Speriamo che non si guasti. Il 24 Piombini,
Franzi e Ventura sono usciti
dall’infermeria. Sono rimasto solo e mi
annoio mortalmente. Le riserve dei pacchi
sono esaurite; le minestre sempre più
liquide e condite male, anzi non condite
affatto, di un gusto infernale. Avevamo
iniziato con Piombini, che conosceva un po’
il tedesco, un fruttuoso commercio con le
sentinelle; pane contro sigarette. Ora tutto
è finito. Il 20 abbiamo saputo
dell’attentato contro Hitler le notizie
politiche e militari di tutti i fonti sono
soddisfacenti e fanno sperare in una fine
non molto lontana. È arrivato da Stettino il
cap. Ghionda (fiduciario degli aderenti al
lavoro) il quale ci ha riferito che gli
ufficiali che si trovano alla scuola sono
trattati abbastanza bene sotto ogni punto di
vista. Nuove richieste di lavoro per una
fabbrica di areoplani. Nessuna adesione.
Agosto 1944
Le notizie politiche e militari circolanti
per il campo sono buone e fanno sperare in
una prossima fine della guerra. Molte di
esse certamente sono senza fondamento,
create soltanto dalla fantasia di qualche
ottimista. Le principali sono: morte di
Hitler in seguito a ferite; uccisione di
Mussolini; importanti città francesi
occupate dai patrioti; dissidio, in
Germania, tra partito ed esercito; divisioni
tedesche accerchiate, altre arresesi al
nemico; costituzione a Mosca di un nuovo
governo tedesco e a Londra di un governo
austriaco; ed altre di minore importanza. Il
31 luglio, compleanno di Piombini, abbiamo
fatto una buona cenetta; io, Piombini,
Franzi, Marcello e Renza.
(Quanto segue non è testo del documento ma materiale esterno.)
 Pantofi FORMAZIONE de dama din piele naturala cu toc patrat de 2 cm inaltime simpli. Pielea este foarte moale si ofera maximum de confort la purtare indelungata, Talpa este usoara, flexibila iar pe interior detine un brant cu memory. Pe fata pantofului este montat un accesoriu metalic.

Minestra di riso e
fagioli, gallette con marmellata, cioccolata
e, in ultimo, una zuppa di biscotti in caffè
dolcissimo e concentratissimo procurato da
Renza in cucina: dopo la cena una sigaretta
nazionale a testa.
Il due sono andato all’ospedale francese per
una visita di controllo. Nessun
miglioramento sensibile, purtroppo. Il 5 o
il 6 è arrivato un vagone carico di
gallette, inviate dal governo repubblicano.
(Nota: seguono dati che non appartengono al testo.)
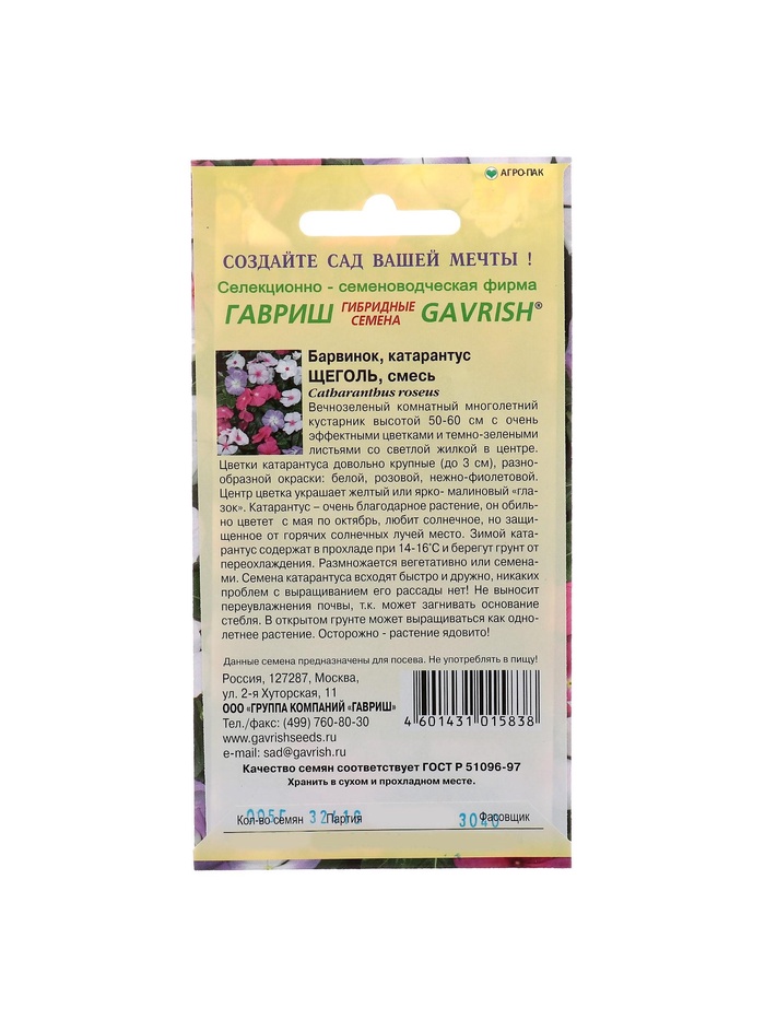 Набор семян комнатных Барвинок "Щеголь", 5 шт.

La spettanza per ognuno è di kg 3, ossia 15
gallette di cui sei ammuffite. Il Comando
tedesco ci ha fatto distribuire per 4 giorni
pane ammuffito. In questo modo ho
brillantemente collaudato il mio stomaco
contro la muffa. Le diarree, i dolori di
stomaco, le dissenterie, ecc. …. in questi
giorni superano di molto la percentuale
ordinaria. Anche io, il 14, sono rimasto un
paio di giorni a letto con vitto speciale:
minestrina di acqua calda e limpida senza la
più piccola macchiolina di grano. Il tempo è
cambiato improvvisamente. Una forte ondata
di freddo ha costretto a riprendere gli
indumenti invernali a chi ne possedeva. Io
ho sofferto molto, specialmente la notte dal
14 al 15, quando sono stato costretto ad
alzarmi 4 o 5 volte per raggiungere la fossa
adibita a gabinetto.
19 agosto: mio compleanno. Caffè amaro ed
affatto gustoso. Alle 8 visita di Bruno per
gli auguri. Alle 9 è la volta di Marcello e
Renza, con i quali ho giocato qualche
partita a scacchi. Alle 11 arriva la
minestra “farina” ci gridano i portatori, In
verità si tratta di una poltiglia di colore
scuro, che i tedeschi chiamano farina, e due
o tre patate marce che hanno un gusto
ributtante. Ho mangiato tra le patate le
meno guaste, rinunciando al resto. Poi mi
sono sdraiato un po’ sul letto. Nel
pomeriggio sono andato al blocco a trovare
gli amici. Aspettiamo l’arrivo della spesa;
nell’attesa abbiamo preparato un tavolo con
delle panche dietro la baracca. Alle 18,30
cominciamo a cenare. Oltre la razione
tedesca qualche gallettina conservata
gelosamente per l’occasione e un barattolo
di latte condensato; caffè dolce proveniente
dalla cucina e riservato ai cucinieri. Dopo
aver discusso un po’ ce ne torniamo nelle
nostre baracche per dormire. Il 21 sono
arrivati circa 300 pacchi. Bruno e Renza
sono tra i fortunati. Il 2 disinfestazione
generale. Il 1° blocco deve ripeterla perché
alcuni ufficiali non si sono presentati. È
arrivato un vagone di zucchero e marmellata,
inviato dalla Croce Rossa Italiana. Per noi
ricoverati in infermeria la razione è più
abbondante. La sera del 27 il dottore mi
annuncia che sono in uscita; mia immensa
gioia. Al blocco sono stato assegnato alla 2a
cameretta della 6a baracca del
III blocco. Marcello viene subito a
stabilirsi con me. Le notizie militari sono
sempre migliori e speriamo tutti in una
prossima fine.
Settembre 1944
La notte dal 5 al 6 sono stato costretto ad
alzarmi più volte per forti dolori
intestinali. Ho preso molto freddo e la
mattina resto a letto con la febbre a 41°.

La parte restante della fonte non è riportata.